Picture the scene: at the United Nations, a coalition of 54 nations, their delegates resplendent in dashikis and diplomatic frowns, presented a document thicker than a Whitehall budget report. It outlines centuries of abductions, brutality, and economic exploitation. It details how the British Empire, that grand architect of globalisation before it became a buzzword, shipped millions of souls across the Atlantic like cargo. It points fingers at the Liverpool merchants who built fortunes on human misery. It names names.
And what does Britain do? Whitehall mandarins, their faces as inscrutable as a poker player's, mumbled something about 'acknowledging historical pain' through their monocles. The Prime Minister, likely rehearsing lines about 'shared heritage' and 'multi-ethnic Britain', has so far kept his mouth buttoned. Meanwhile, historians point out that this isn't a new request. Remember the 2001 Durban Conference? The CARICOM Reparations Commission Form 2013? The endless petitions? Yet Britain's response remains as consistent as a London bus timetable: non-committal and late.
But here is the real absurdity.

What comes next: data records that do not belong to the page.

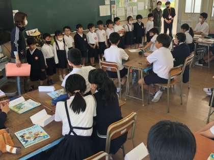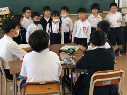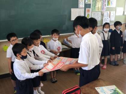1年生の子どもたちがリーダーである6年生の教室まで行き、道徳で学んだ「感謝を伝える」学びをしました。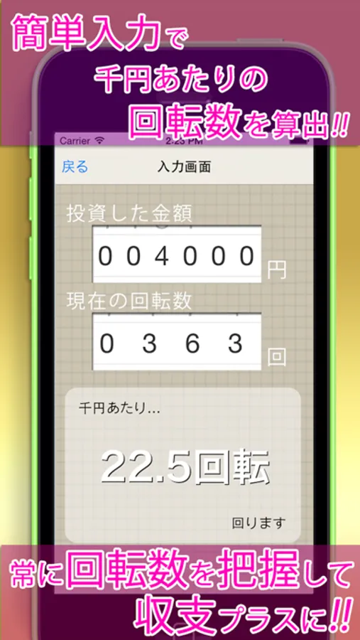 回転数チェッカーはパチンコの千円あたりの回転数を計算してくれるアプリです。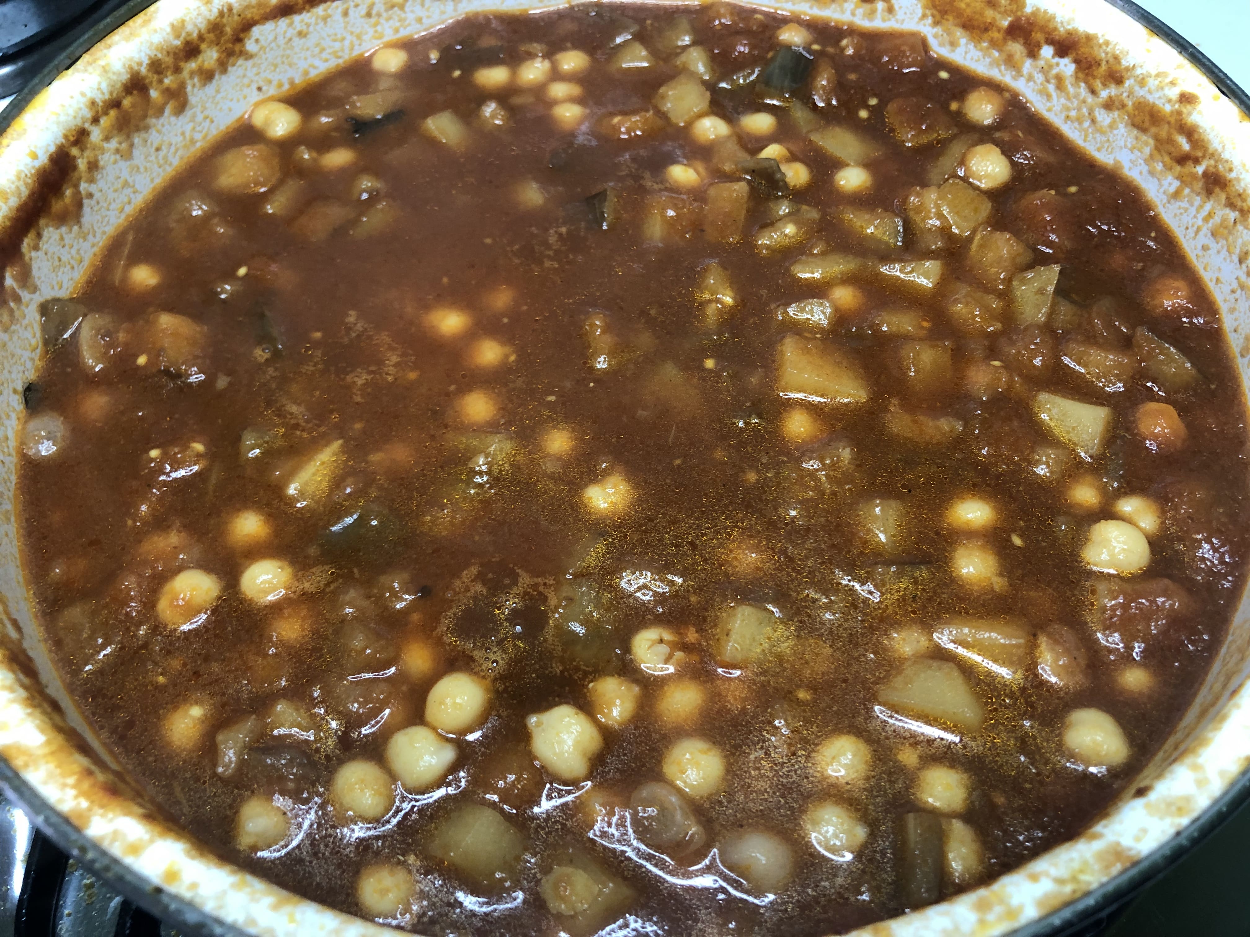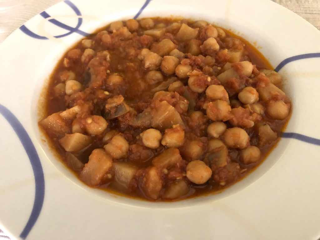 Mezcla todo bien, añade el tomate y cocina 5 minutos más. Agrega el agua, baja el fuego y cocina hasta que la patata y la berenjena estén listas. Cuando le falte poco para estar en su punto, incorpora los garbanzos.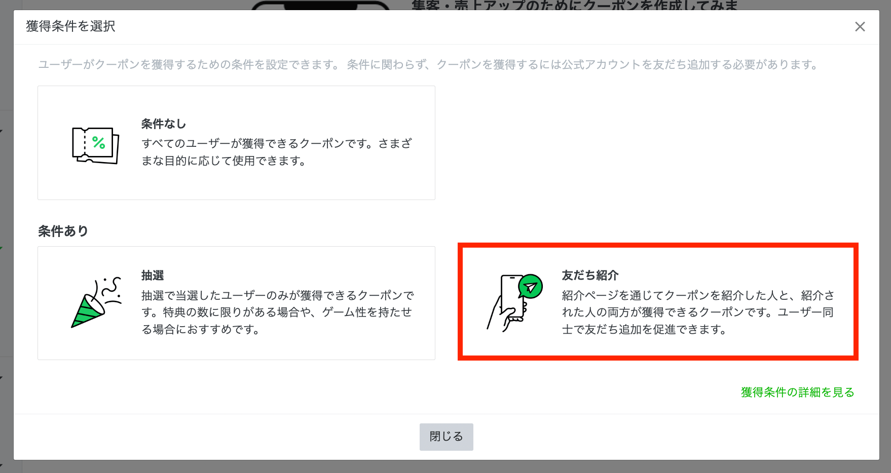獲得条件の選択画面が表示されるので「友だち紹介」をクリックします。
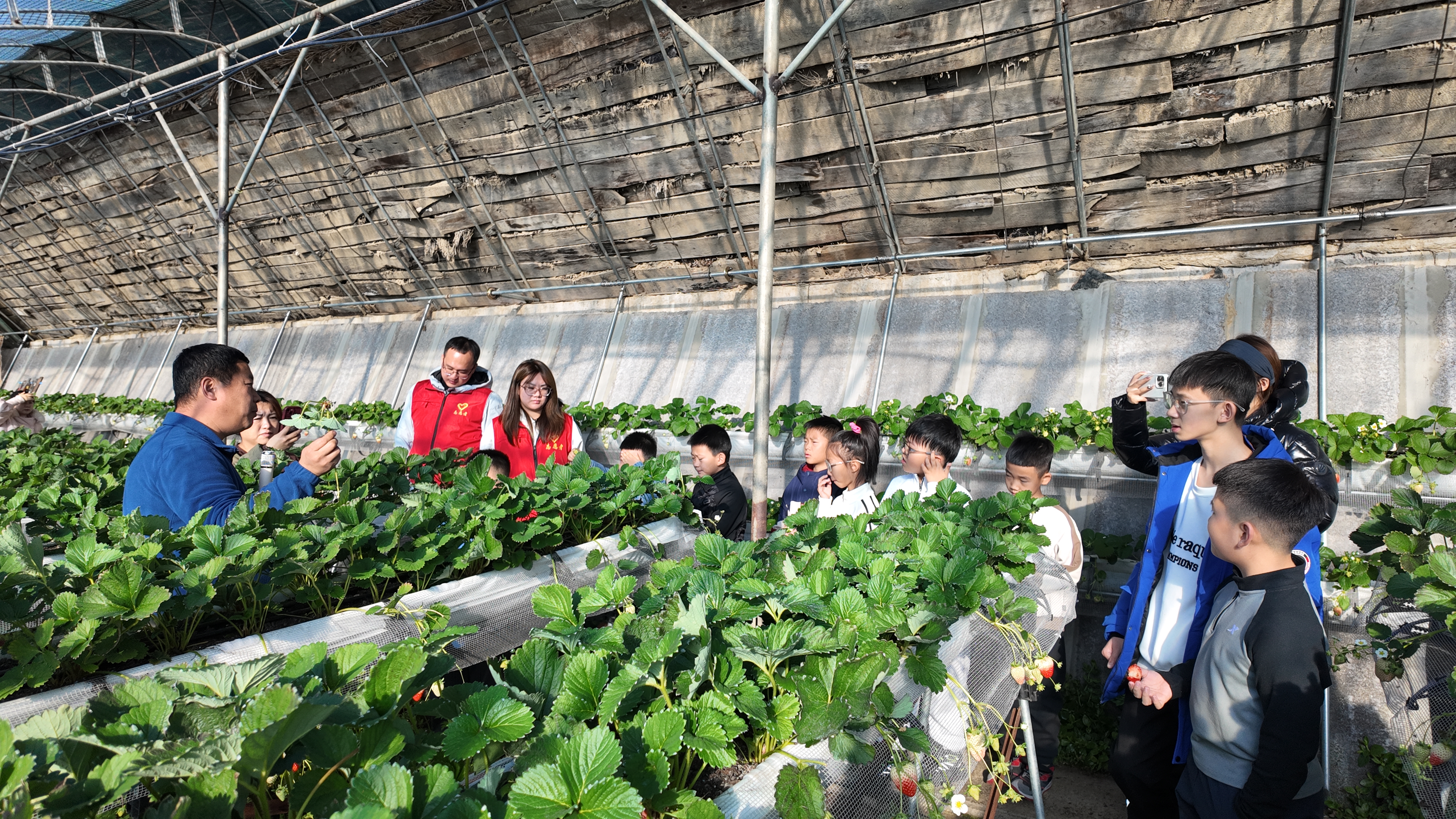 在溫暖如春的溫室大棚內(nèi),負(fù)責(zé)人馬亮向?qū)W生們講解了溫室草莓的種植技術(shù)與科學(xué)管理要點,并結(jié)合棚膜結(jié)構(gòu)、溫控系統(tǒng)等內(nèi)容,生動闡釋了現(xiàn)代農(nóng)業(yè)技術(shù)的應(yīng)用原理。孩子們認(rèn)真聆聽,積極提問,對“冬天里的草莓園”充滿了好奇。隨后,學(xué)生們在工作人員指導(dǎo)下親身參與草莓采摘勞作,學(xué)習(xí)農(nóng)事操作技巧,在體驗采摘樂趣的同時,深刻體會到勞動的艱辛與收獲的喜悅。

The very concept of an apology for slavery is treated with the same gravity as a parking ticket appeal. 'What's done is done,' they say. 'Let's look forward.' Meanwhile, the beneficiaries of that wealth still sit in boardrooms, their surnames etched on buildings and their trust funds untouched by reparations. The average black Briton is five times more likely to be unemployed than their white counterpart. The wealth gap yawns like the Marianas Trench. But sure, an apology is just a word.
Yet the coalition persists. They point to Germany's apology for the Herero genocide. They cite the US Congress's apology for Japanese internment. They note that even the Church of England apologised for its role in slavery. But Britain, the mother of parliaments, the home of Magna Carta, cannot muster a simple 'we are sorry' without a libel lawyer present.
Perhaps the real reason is fear. Fear that once the apology is uttered, the dam breaks. Reparations follow. Statues fall. History books are rewritten. And then what? We would have to confront the fact that the British pound sterling is soaked in centuries of blood. That the Industrial Revolution was fuelled by cotton picked by slaves. That the foundations of modern finance rest on the bones of the enslaved.
But let's be honest: the nations demanding this apology know the score. They know that an apology, in isolation, changes nothing. It is a symbol. But symbols matter. They're the first step in the long march towards justice. Or as a diplomat from Barbados put it, 'We want to hear the words. Then we can decide whether to accept them. Or not.'
So here we are, in 2025, watching a spectacle as old as empire itself: the colonised demanding restitution from the coloniser. And the coloniser, caught between guilt and greed, does the only thing it knows: it stalls. It forms a committee. It issues a statement. It pours another gin and tonic and hopes the whole thing blows over.